───── Data ─────

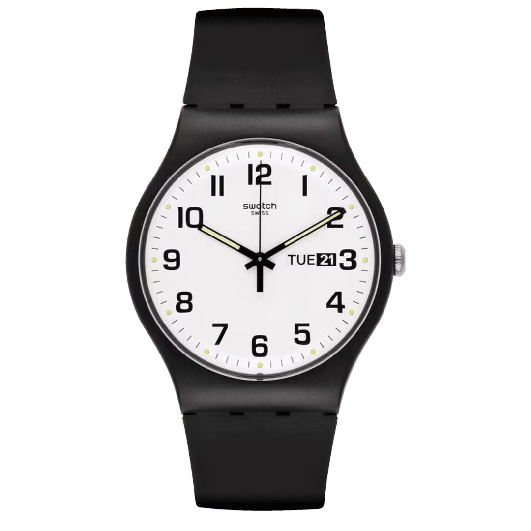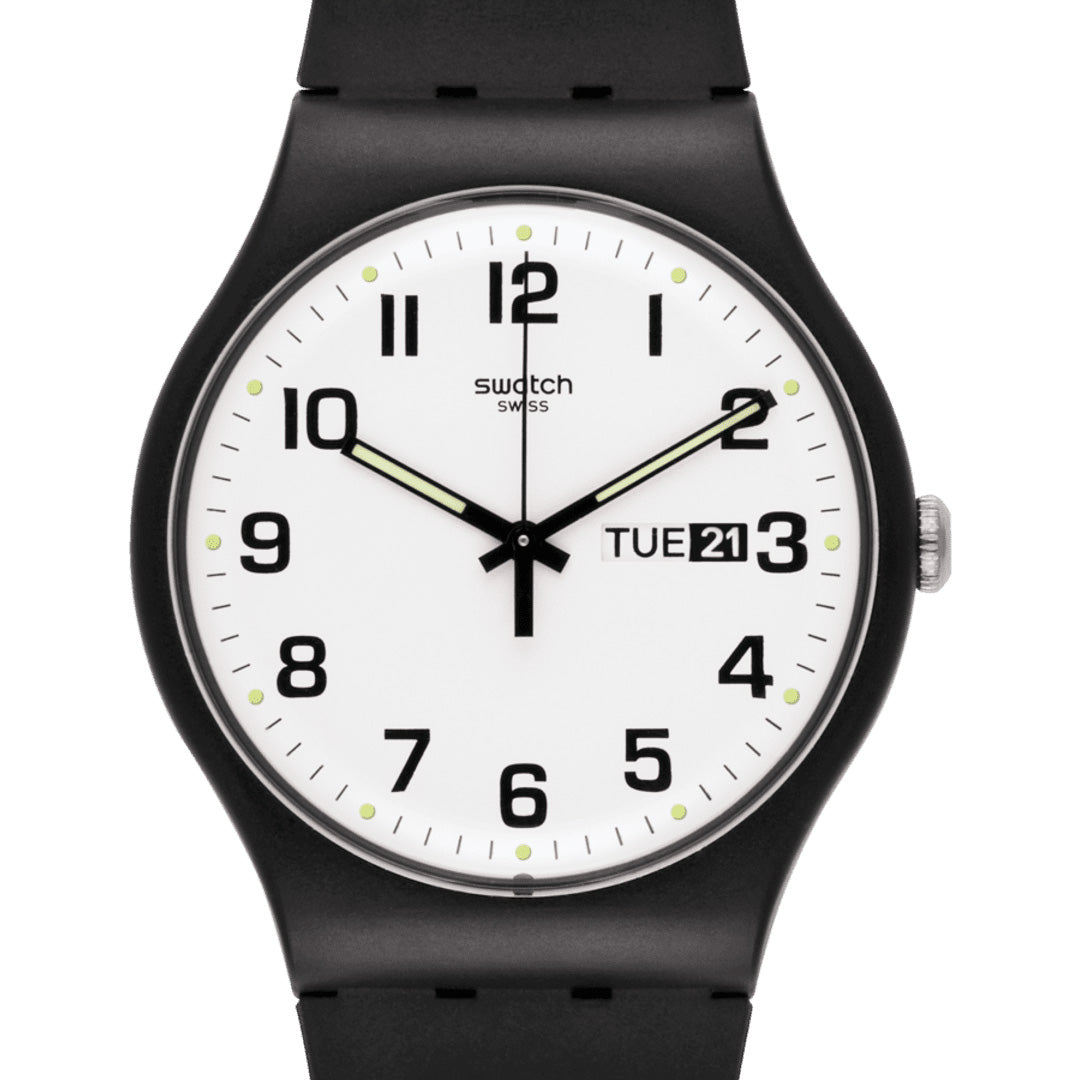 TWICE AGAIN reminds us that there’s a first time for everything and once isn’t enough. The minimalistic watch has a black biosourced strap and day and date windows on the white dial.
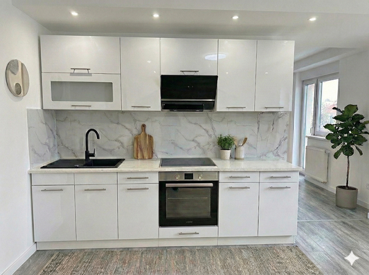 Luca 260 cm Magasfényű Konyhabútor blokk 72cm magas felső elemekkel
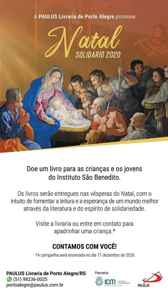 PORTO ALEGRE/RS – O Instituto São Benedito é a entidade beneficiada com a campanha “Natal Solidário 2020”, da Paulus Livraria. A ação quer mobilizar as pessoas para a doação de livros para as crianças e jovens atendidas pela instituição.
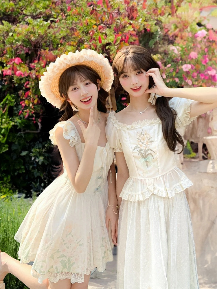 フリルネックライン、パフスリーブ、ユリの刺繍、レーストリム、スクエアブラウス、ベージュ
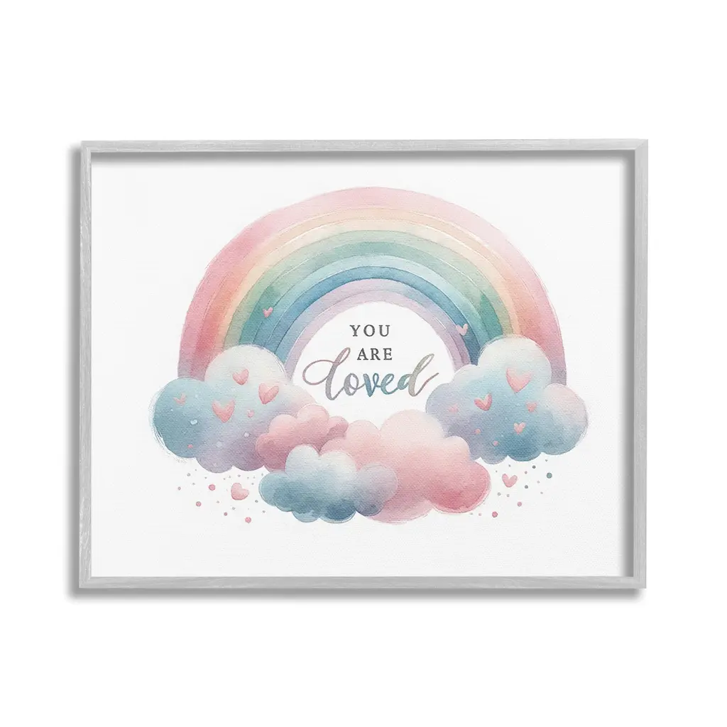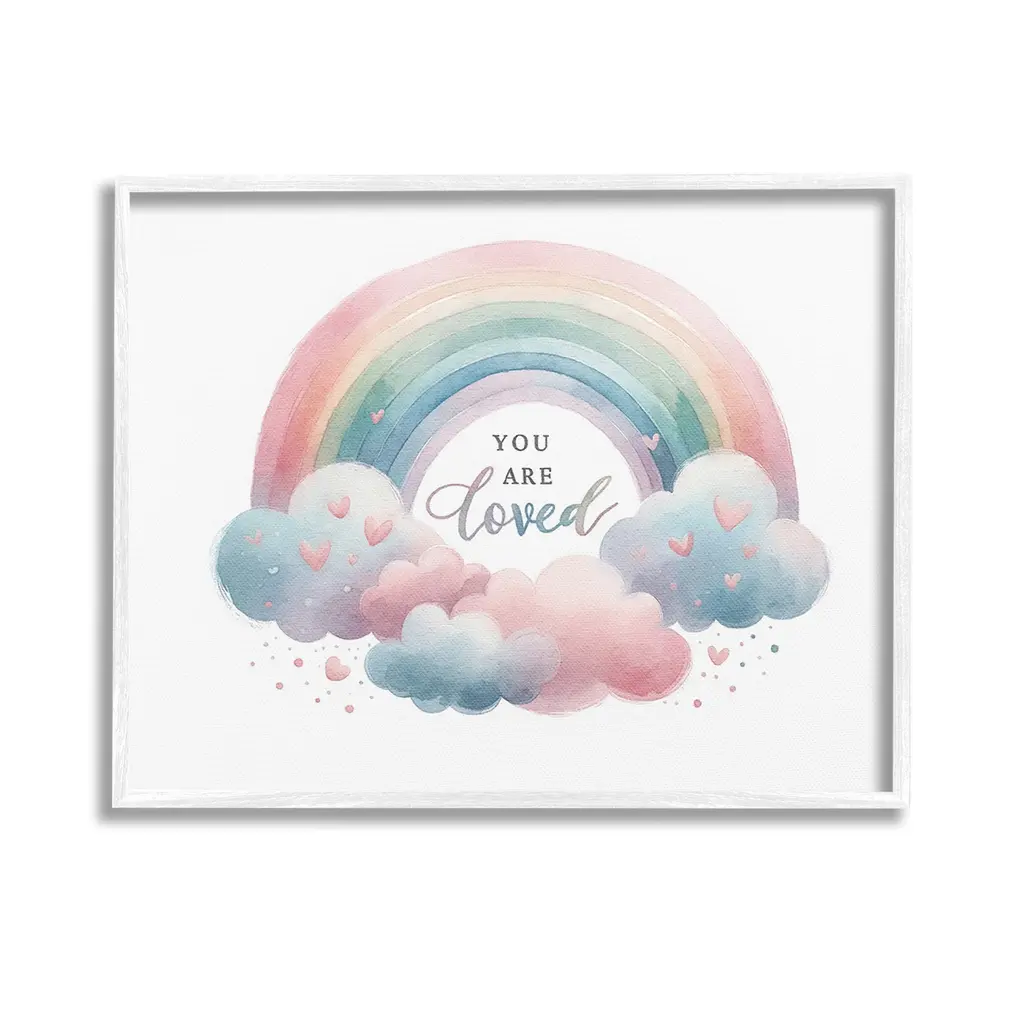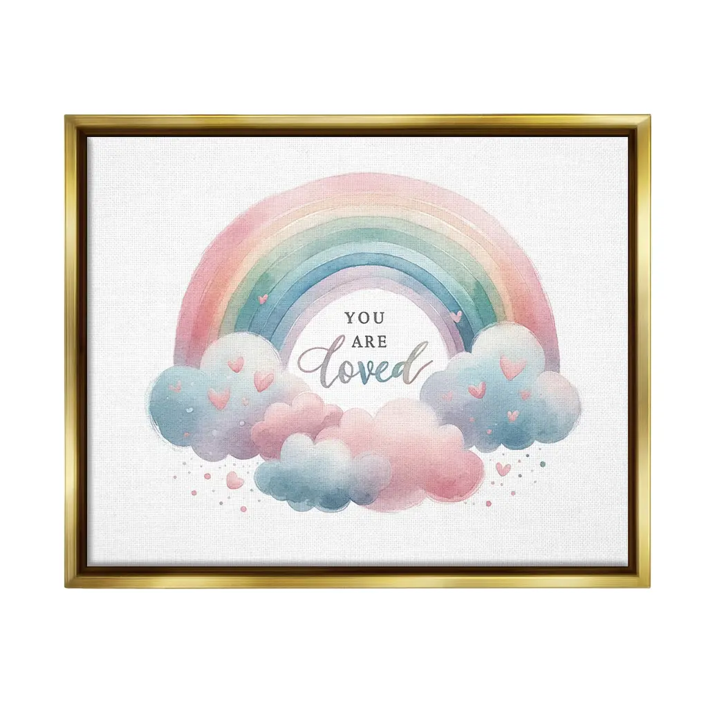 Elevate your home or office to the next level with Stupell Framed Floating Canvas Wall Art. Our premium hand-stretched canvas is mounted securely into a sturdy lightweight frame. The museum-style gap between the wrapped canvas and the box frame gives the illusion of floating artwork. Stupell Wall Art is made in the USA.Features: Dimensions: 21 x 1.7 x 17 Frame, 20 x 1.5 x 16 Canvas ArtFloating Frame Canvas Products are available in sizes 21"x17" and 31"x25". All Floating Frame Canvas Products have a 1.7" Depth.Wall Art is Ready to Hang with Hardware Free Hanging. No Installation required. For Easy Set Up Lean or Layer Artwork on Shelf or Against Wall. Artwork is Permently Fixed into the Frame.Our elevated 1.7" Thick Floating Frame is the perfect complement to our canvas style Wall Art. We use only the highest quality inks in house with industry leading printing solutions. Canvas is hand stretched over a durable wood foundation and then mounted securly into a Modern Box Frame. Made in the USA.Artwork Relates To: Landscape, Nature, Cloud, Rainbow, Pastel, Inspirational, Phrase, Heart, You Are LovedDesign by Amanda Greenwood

─────
───── Data ─────

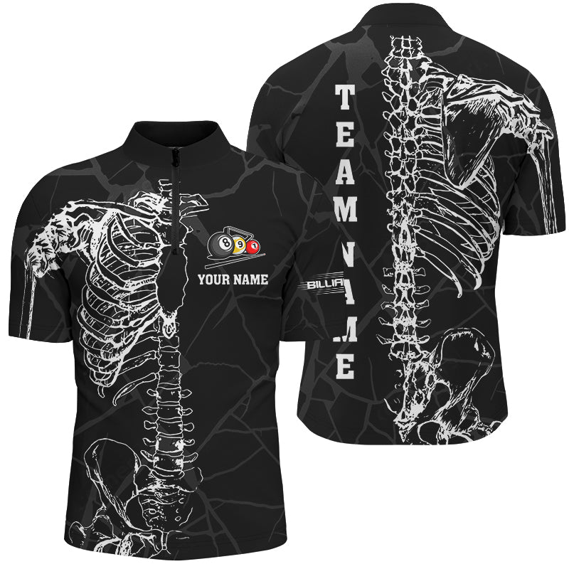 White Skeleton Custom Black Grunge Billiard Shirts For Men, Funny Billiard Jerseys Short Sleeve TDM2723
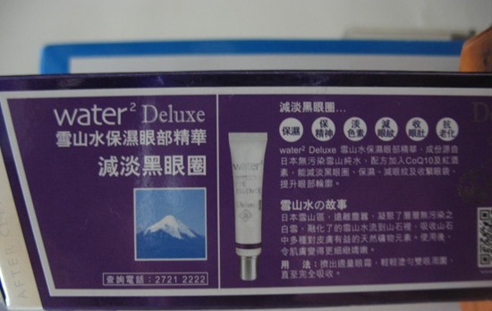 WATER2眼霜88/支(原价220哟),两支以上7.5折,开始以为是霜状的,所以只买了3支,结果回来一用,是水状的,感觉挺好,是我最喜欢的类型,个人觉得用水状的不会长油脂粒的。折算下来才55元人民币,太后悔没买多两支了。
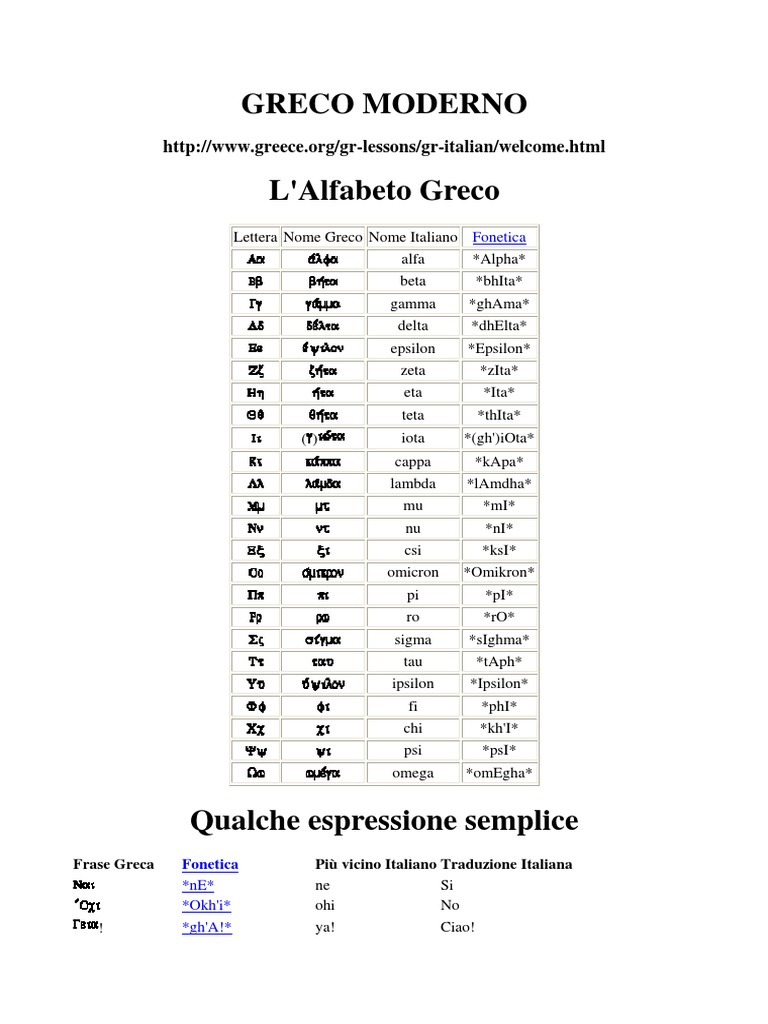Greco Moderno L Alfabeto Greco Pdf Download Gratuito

─────

In the material above, which lines fall between the one holding "PORTO ALEGRE/RS –" and the one holding "Elevate your home", inclusive? Print exactly those, with the pictures left out.

 PORTO ALEGRE/RS – O Instituto São Benedito é a entidade beneficiada com a campanha “Natal Solidário 2020”, da Paulus Livraria. A ação quer mobilizar as pessoas para a doação de livros para as crianças e jovens atendidas pela instituição.
 フリルネックライン、パフスリーブ、ユリの刺繍、レーストリム、スクエアブラウス、ベージュ
 Elevate your home or office to the next level with Stupell Framed Floating Canvas Wall Art. Our premium hand-stretched canvas is mounted securely into a sturdy lightweight frame. The museum-style gap between the wrapped canvas and the box frame gives the illusion of floating artwork. Stupell Wall Art is made in the USA.Features: Dimensions: 21 x 1.7 x 17 Frame, 20 x 1.5 x 16 Canvas ArtFloating Frame Canvas Products are available in sizes 21"x17" and 31"x25". All Floating Frame Canvas Products have a 1.7" Depth.Wall Art is Ready to Hang with Hardware Free Hanging. No Installation required. For Easy Set Up Lean or Layer Artwork on Shelf or Against Wall. Artwork is Permently Fixed into the Frame.Our elevated 1.7" Thick Floating Frame is the perfect complement to our canvas style Wall Art. We use only the highest quality inks in house with industry leading printing solutions. Canvas is hand stretched over a durable wood foundation and then mounted securly into a Modern Box Frame. Made in the USA.Artwork Relates To: Landscape, Nature, Cloud, Rainbow, Pastel, Inspirational, Phrase, Heart, You Are LovedDesign by Amanda Greenwood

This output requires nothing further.